Nutritional Information

The combination of quinoa, brown rice and the seeds is so packed with nutrients it’s hard to name one that isn’t in this recipe. Because this patty is rich in protein, it is quite filling just as it is, but it can always be combined with animal protein if that appeals. I love mine served with a pile of greens.

Serving suggestions:

For a light lunch, serve a vegetable patty with beetroot salad and macadamia pesto, or with simply steamed vegetables.  You can also break the patties up and serve them in a wrap or as an accompaniment to a meal with steamed fish or grilled chicken.
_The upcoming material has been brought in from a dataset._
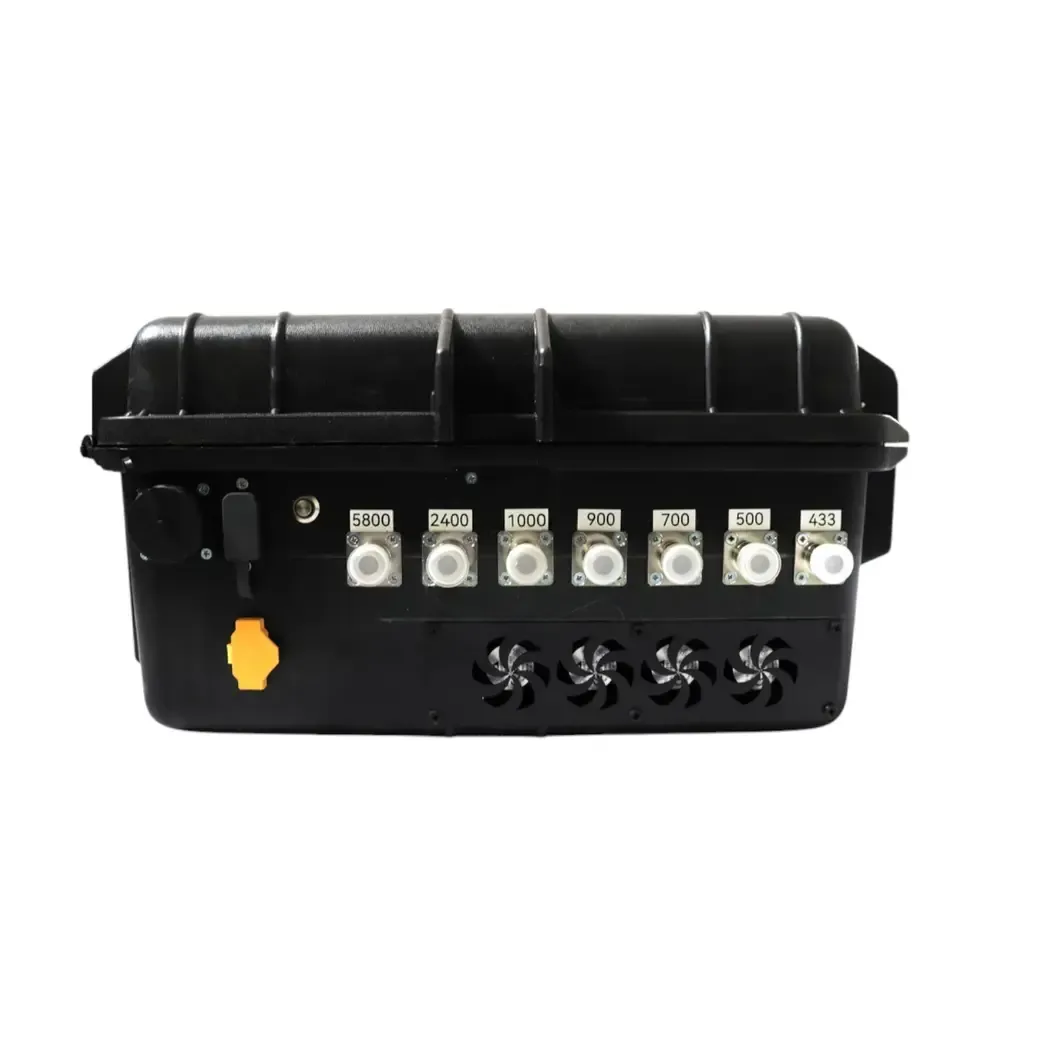 Trench (vehicle-mounted) electronic warfare (EW) system, an innovative complex with the highest level of protection against UAVs, including multi-channel suppression, as well as protection against drops. It covers a band in the range (400-1200MHz, 2390-2500MHz, 5725-5850MHz). The device’s continuous operation time is 30-60 minutes. It works from a built-in battery and from a car.
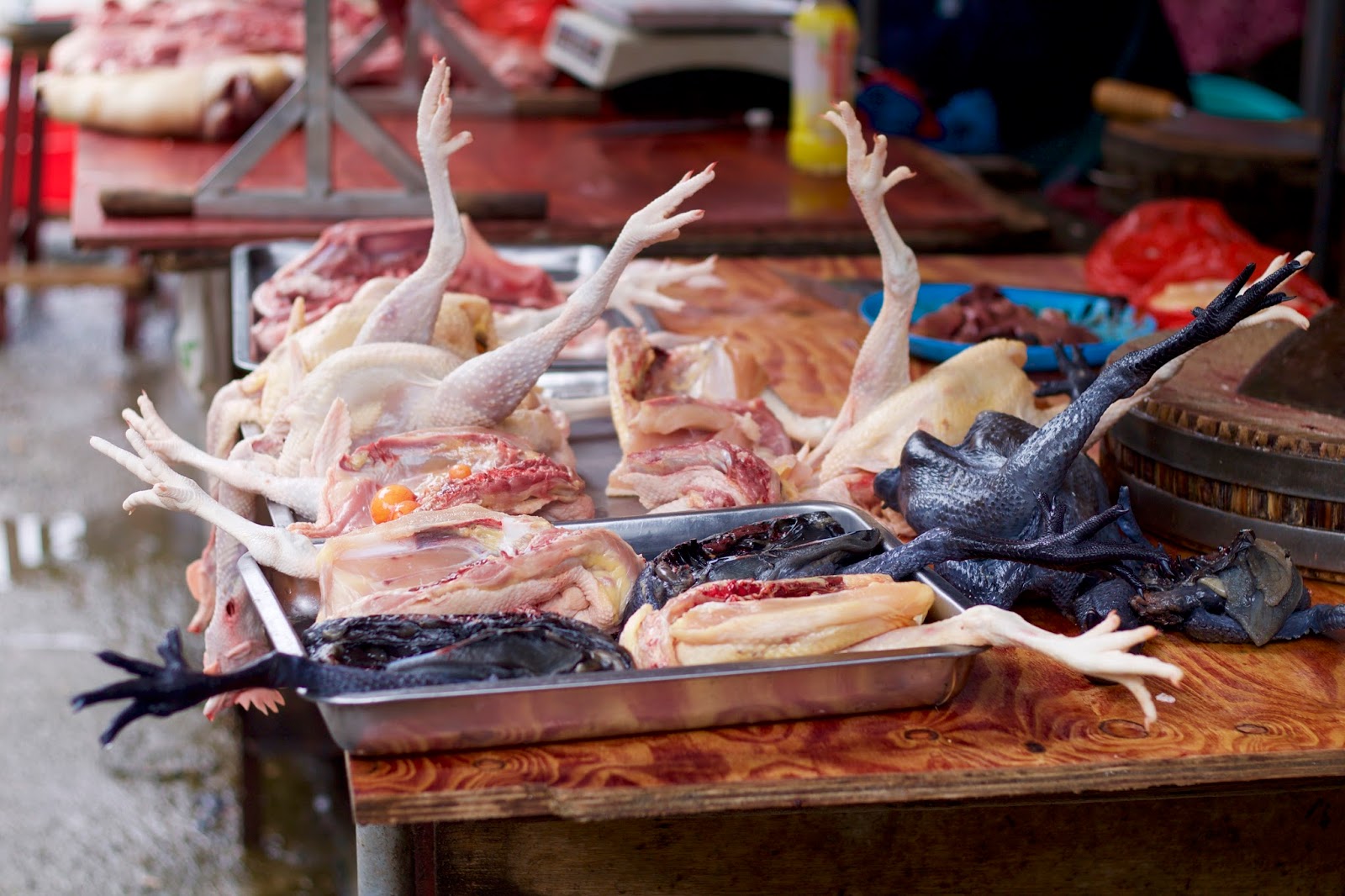 Depois surge a secção das carnes, que sinceramente só visitamos de forma "aprofundada" na nossa segunda visita, aquando de uma aula de culinária. Começando pelos animais mais vulgares, em que galinhas mortas são geralmente expostas por cima das que ainda respiram, chegamos a uma zona onde é possível encontrar de tudo: coelhos, sapos, patos, gansos, pombos, marmotas, gatos e cães. Convém ter em conta que os animais geralmente são mortos na hora e não raras vezes em frente aos clientes, pelo que é aconselhável alguma prudência aos mais sensíveis.

For the roasted vegetables:

  • 1 cup cubed pumpkin
  • 1 cup cubed sweet potato
  • 1 large onion, diced
  • 1 large red capsicum (bell pepper), seeded and diced
  • 1 medium zucchini, cubed
  • 1 cup button mushrooms, stemmed and quartered
  • 1 small eggplant, cubed
  • 2 tablespoons extra virgin olive oil
  • Salt and ground black pepper to taste

For the quinoa patty:

  • 1 cup cooked quinoa, both white and black
  • 1 cup cooked brown rice
  • ½ cup basil leaves, shredded
  • ½ cup fresh parsley leaves, chopped
  • ¼ cup chives, finely sliced
  • ¼ cup raw sunflower seeds, unsalted
  • ¼ cup pumpkin seeds, unsalted
  • ¼ cup sesame seeds, preferably white
  • 1 tablespoon black cumin seeds
  • Salt and ground black pepper to taste


For the roasted vegetables:

  1. Preheat the oven to 180C (350F).
  2. In a large bowl, toss the vegetables with the olive oil until they are well coated.  Season them with the salt and pepper.
  3. Arrange the vegetables in a single layer on a baking sheet or large roasting dish until they are cooked through and tender, about 25 minutes.

For the quinoa patty:

  1. Combine the cooked quinoa and brown rice in a large bowl.  Add the fresh basil, parsley and chives.
  2. Add the roasted vegetables to the quinoa mixture and blend the ingredients with your hands, slightly mashing them to make the binding for the grains.  Season with salt and pepper.
  3. Form the mixture into patties of a size you prefer.  Generally, a patty of 180g (6 ounces) is sufficient for a meal.
  4. Combine the sunflower, pumpkin, sesame and cumin seeds in a small plate.  Gently but firmly coat each side of each patty in the seed mixture.
  5. Serve the patties cold or at room temperature. You can also heat them in a 150C (300F) oven for 20 minutes if you prefer them warm.